Tag Archives: Glasgow

RSNO/Sondergard

RSNO Centre, Glasgow

Let us hope that the RSNO is re-energised by the move into the larger space of Glasgow Royal Concert Hall and the opportunity to perform with larger forces in its recently-announced new digital season, because there is a slight sense of fatigue in this final concert of the current one.

That is no fault of guest soloist Nicky Spence, who brings expressive commitment and an enthusiastic musicality to Britten’s Les Illuminations. These nine Rimbaud settings may have been written for, and dedicated to, a soprano, Sophie Wyss, but that was surely as much because of the restrictions of the time (1940) and the emotions behind both the verse and Britten’s music sound more powerful in the tenor voice. The specific dedication of the seventh of them, the bold and assertive Being Beauteous, to Peter Pears, meant that the composer himself was being neither coy nor particularly careful.
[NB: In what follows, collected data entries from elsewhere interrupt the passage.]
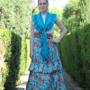 Falda larga de cuadros blancos y negros, con volante color teja y cintura elástica. Ideal para el camino y romerías.
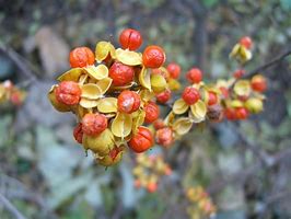 겨울에 노란 열매 껍질을 터트리며 붉은 열매를 드러낸 나무가 있으면 대체로 노박덩굴이거나 푼지 나무일 가능성이 큽니다. 잎이 없는 겨울에는 줄기 마디의 가시 여부로 판단하면 됩니다. 효능은 노박덩굴과 같습니다.
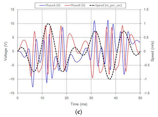 The open circuit voltage output and flux linkage of the machine are simulated as shown in Figure 15. The amplitude of the speed is 1 m/s. Under this speed, the maximum voltage is up to 12 V and the peak of the flux linkage is around 0.004 Wb. It suggests that the linear machine is capable of producing electricity at such a low speed as 1 m/s. As the speed of the wave is not a constant value, it is necessary to simulate the voltage outputs under different speeds. Figure 15c shows us the voltage outputs of the generator under a variable speed. It can be seen that the voltage outputs would increase with the increase in the wave speed. Since PMs are employed in this machine, there is no need to add an excitation current for each phase of the machine. The efficiency of the power generator could be improved for wave energy harvesting.
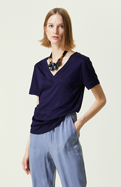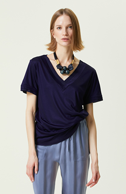 NETWORK Smart Casual İndigo Kısa Kollu V Yaka T-Shirt
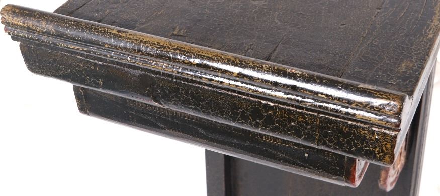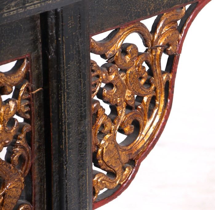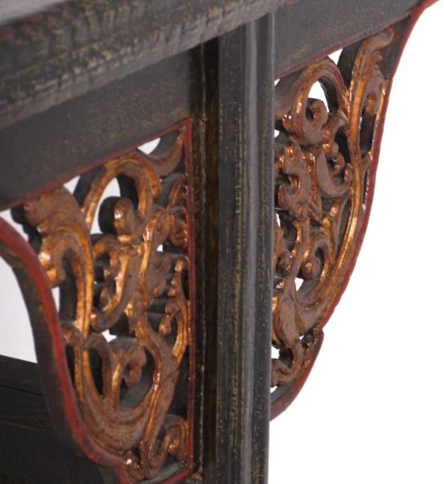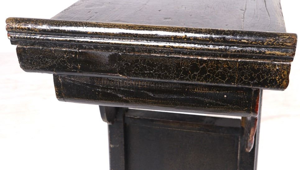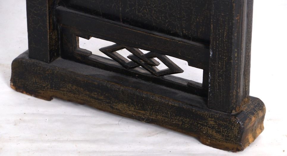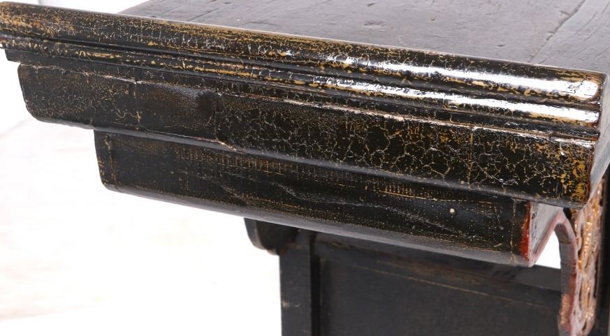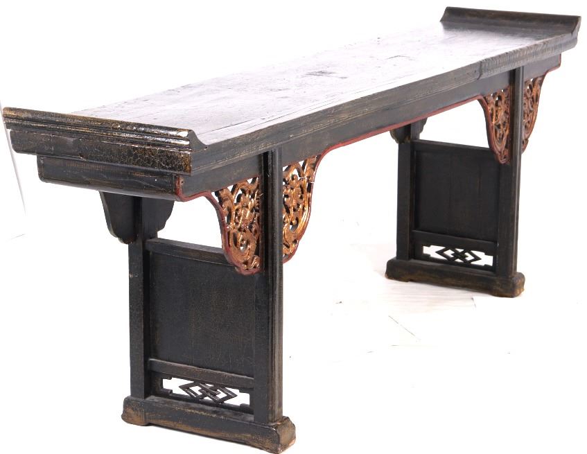 For your consideration is this Chinese, hardwood altar table with carved lattice. The altar table shows solid, sturdy construction, boasting a long structure frame and everted ends with a hand-carved lattice on either side of the legs of this altar table. The table is painted black and the squandrels painted red. The condition of this alter table is good, showing wear to the top coat of the paint and a minor repair to the trim on the right-hand side of the alter table. The measurements of this table are 35" x 104" x 20 1/2".
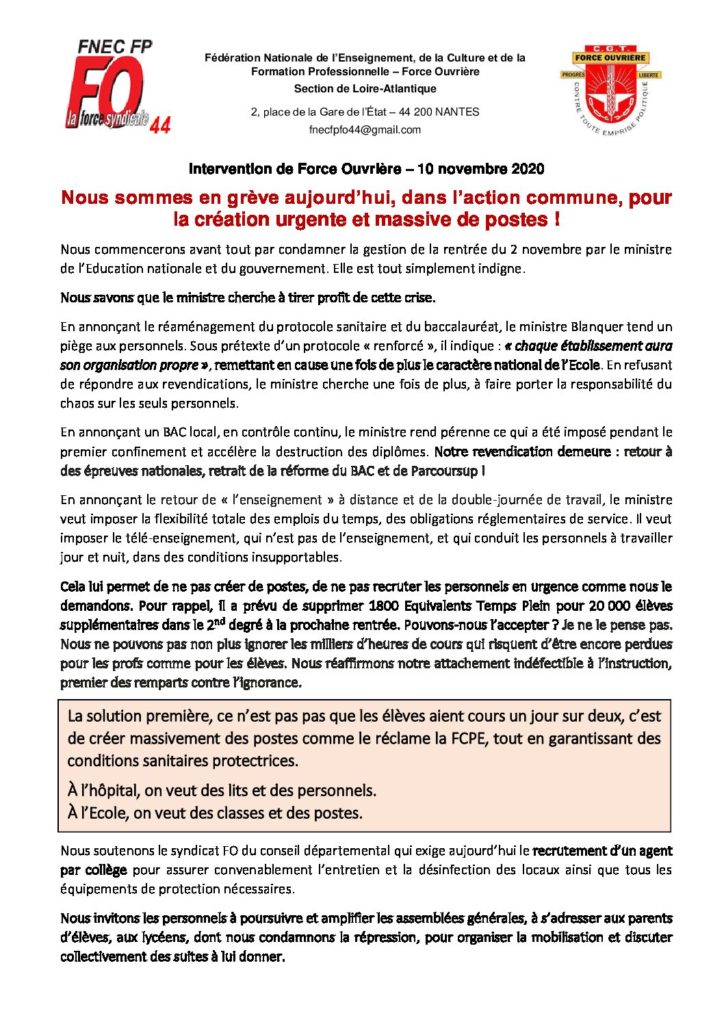 L’intervention du SNFOLCICI
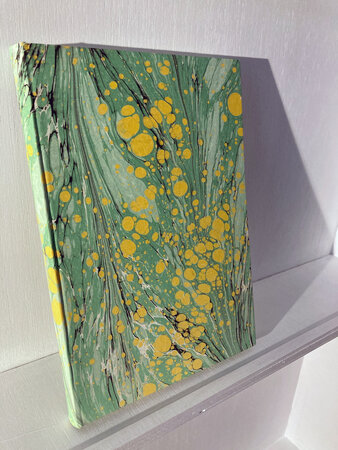 Er worden verschillende patronen gebruikt, Het marmeren zorgt ervoor dat de omslag van ieder notitieboek uniek is.
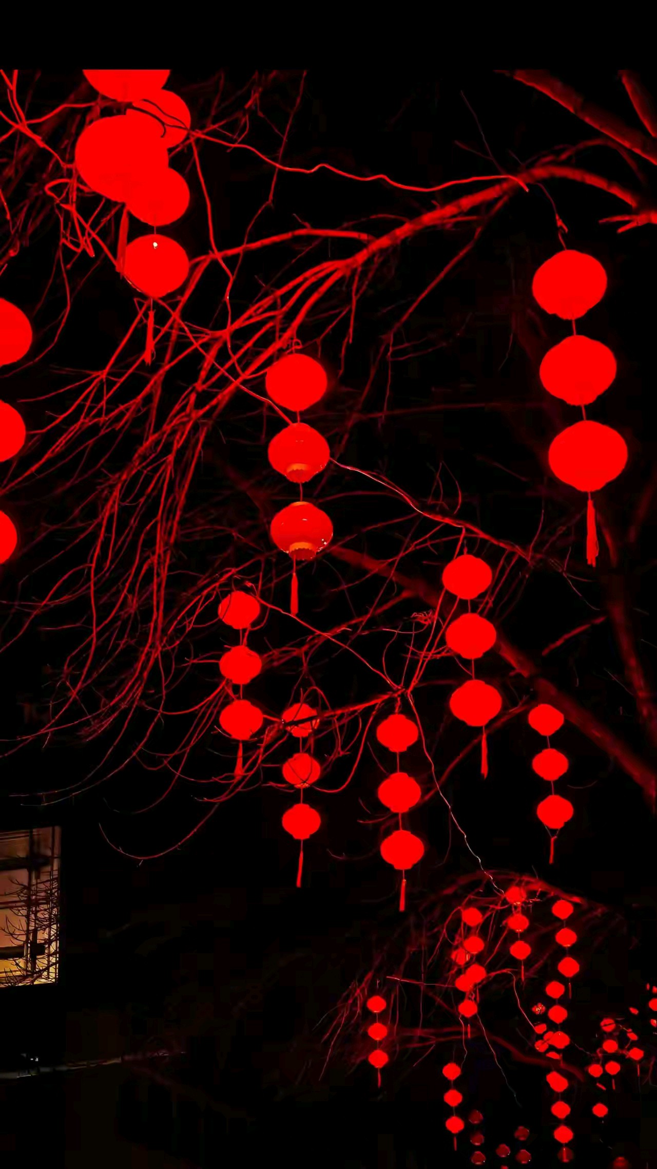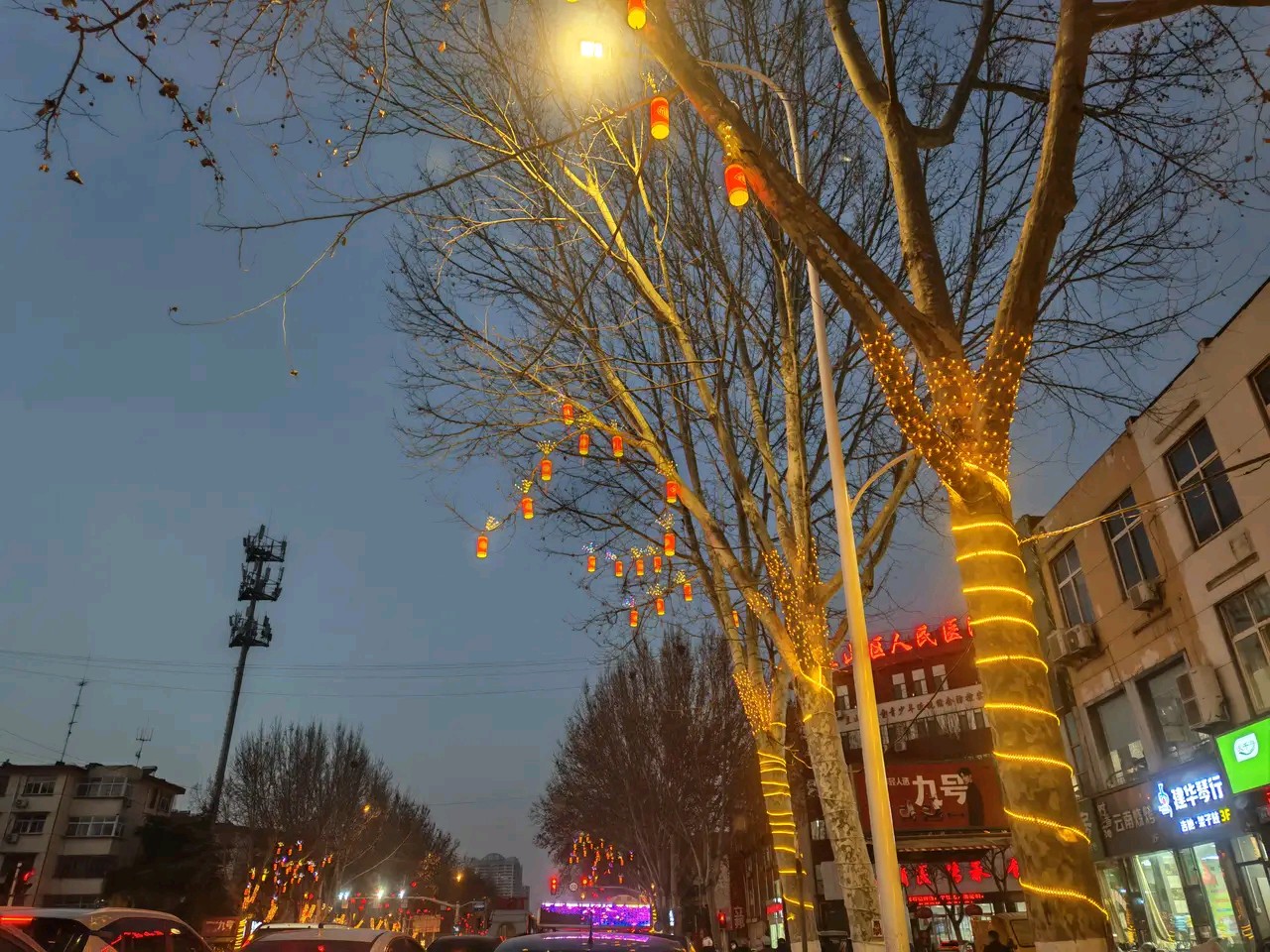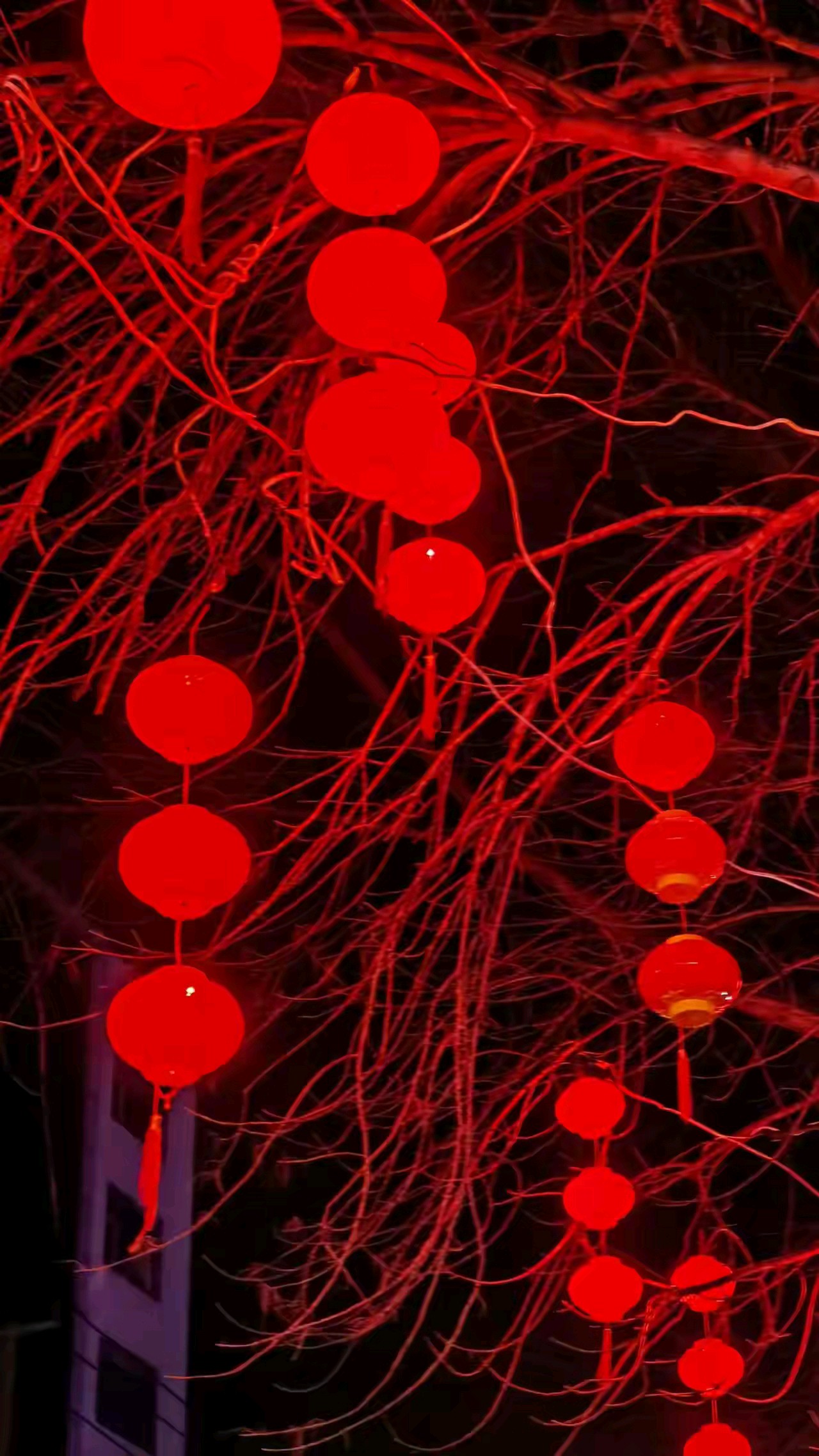 临近春节大街小巷灯光璀璨,大树上面灯带环绕,各式各样的灯笼高高挂起,

The Scottish Ensemble made a go-to recording of the work with Toby Spence (no relation) and there is a coherence to that group’s string sound – with all the percussive effects and imitation of other instruments in this score – that is often missing here. The current necessity for social distancing might be some explanation for that, except that string players in general, and RSNO ones in particular, have noted some benefit in sitting at individual desks.

The Britten is preceded by George Walker’s roughly contemporary Lyric for Strings. While there is no argument that the compositions of the first African American to be awarded a Pulitzer Prize are ripe for rediscovery, his reputation might be better enhanced by tackling meatier fare than this early imitation of Barber’s Adagio, lovely though it is.

Thomas Sondergard’s Beethoven Five, which concluded the programme, is neither fish nor fowl – but then a hybrid of historically-informed practice and contemporary brio is what most orchestras and conductors aim for with the work these days. So we have natural trumpets and modern horns, and string playing that is brisk but not quite crisp enough in the first movement.

The conductor may be keeping his powder dry, but there is also an odd imbalance in the sound – uncharacteristic of engineer Phil Hobbs – which continues in the Andante, with the wind soloists, although all on fine form, rather too far up in the mix.

When more muscle comes into the performance in the Finale, that difficulty disappears, as does the lack of rhythmic rigour. The sprint to the tape, at least, whets the appetite for the orchestra’s return in April.

Keith Bruce

Scottish Ensemble/Cargill

Cottiers Theatre, Glasgow

Scottish Ensemble artistic director Jonathan Morton is both an original and inspired creator of programmes and a great collaborator, and his group chooses its performance venues with great care. All of those attributes are in evidence in its first streamed film event for the Coronavirus era, and the Ensemble’s first performance since March.

Songs for Life sees the string group partner with mezzo-soprano Karen Cargill in a sequence of music that is as eclectic as anything it has done, filmed in Cottiers, the former church turned arts venue, bar and restaurant in Glasgow’s West End. Part of the charm of Cottiers is that it still, after many years, seems a work in progress – both Tramway and the Arches in the city were arguably diminished as much as they were enhanced by the spending of vast sums of National Lottery money – but its aesthetic proves rather too much of a temptation to the film-makers here. With many shots from the gallery above the musicians, much skilled and confident hand-held camera-work and even drone footage from high above the kirk spire, there is an awful lot going on, and the mobility of the images is often an attention-seeking distraction. Recording engineer Jonathan Green captures the sound in the theatre well – there is a real appreciation of the reverberant acoustic and individual players are quite distinct – but the spoken introductions recorded in the bar fare less well, particularly when Cargill is speaking. This is a particular shame as she tells a story that her many fans will recognise as illustrative of why she is such a captivating performer.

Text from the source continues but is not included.